可现在,她像一团迷雾,让他捉摸不透。
“晚萤,我们是夫妻,何必说这些话伤感情。”他试图缓和气氛。
“夫妻?”沈晚萤重复着这两个字,嘴角的弧度带上了一丝嘲讽,“王爷还记得我们是夫妻?”
她从袖中取出一支钗子,正是画上那支“凤求凰”。
当然,是另一支。她当初一共让人打了一对。
“这支钗子,王爷可还认得?”
裴玄的瞳孔不易察觉地缩了一下。
他当然认得。他送给柳轻柔的,就是这一支。
“这是……你前些日子新打的?很漂亮。”他面不改色地撒谎,语气甚至带着几分赞赏。
沈晚萤的心,在那一刻,彻底沉入了谷底。
原来,他连一句解释都吝于给予。
他甚至懒得编一个更像样的谎言。
“是吗?”她轻轻摩挲着钗身,语气幽幽,“我倒觉得,这钗子,戴在我头上,似乎不太合适。”
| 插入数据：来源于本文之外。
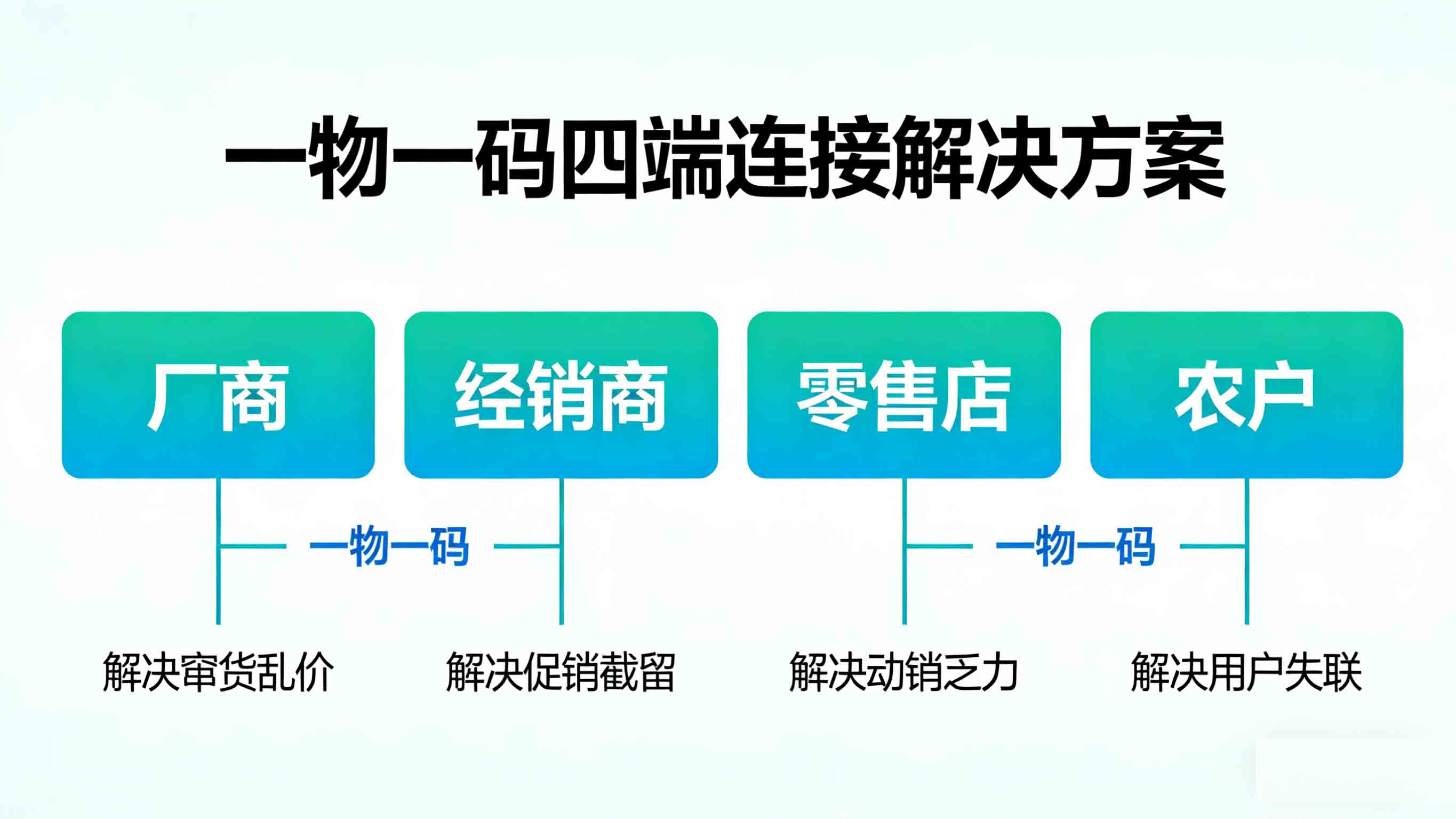用一物一码+实时红包,打通厂商→经销商→零售店→农户四端,解决农药行业窜货乱价、促销截留、动销乏力、用户失联**四大死穴,把每一分费用花在刀刃上。

她说着,将钗子随手丢在了妆台上,发出“叮”的一声脆响。
“或许,它更适合一个……身份更尊贵,更得王爷心意的人。”
屋内的空气瞬间凝固。
裴玄的脸色阴沉得能滴出水来。
他知道,她什么都知道了。
但他不能承认。
“晚萤,你累了,早些歇息吧。”他选择了逃避,转身就想离开。
“站住。”沈晚-萤的声音不大,却带着不容抗拒的威严。
裴玄的脚步停住了。
他回头,对上她清冷的目光。
“裴玄,”她第一次连名带姓地喊他,“你是不是觉得,我沈晚萤离了你,就活不了?”
“你是不是觉得,我为你付出了那么多,就该一辈子被你踩在脚下,任你予取予求?”
“还是你觉得,你坐上了摄政王的位置,就可以为所欲为,不用再顾忌任何人?”
一连三问,字字诛心。
裴玄的喉结滚动了一下,却一个字也说不出来。
沈晚萤笑了,笑得凄凉。
“你错了。”
她走到他面前,一字一句地说道:“我能把你捧上去,就能把你拉下来。”
“你信不信?”
她的声音很轻,却像一把重锤,狠狠地砸在裴玄的心上。
他看着她,忽然觉得无比陌生。
这还是那个在他失意时,温柔地抱着他,说“别怕,一切有我”的沈晚萤吗?
他发现,他从来没有真正了解过自己的妻子。
“你……你想做什么?”他的声音有些干涩。
“我不想做什么。”沈晚萤收回目光,重新坐回桌边,拿起了那本没看完的书,“我只是想提醒王爷,水能载舟,亦能覆舟。”
“时辰不早了,王爷请回吧。我这清晖院地方小,怕是容不下您这尊大佛。”
这是在下逐客令了。
裴玄的拳头在袖中握紧,指节发出轻微的响声。
一股前所未有的屈辱感涌上心头。
他堂堂摄政王,竟被自己的王妃赶出房门!
但他最终还是什么都没说,拂袖而去。
随着“砰”的一声门响,屋内又恢复了寂静。
沈晚萤手中的书,还停留在刚才那一页,一个字也没看进去。
她的手在微微颤抖。
不是害怕,是愤怒。
原来,多年的情爱,抵不过权势的诱惑。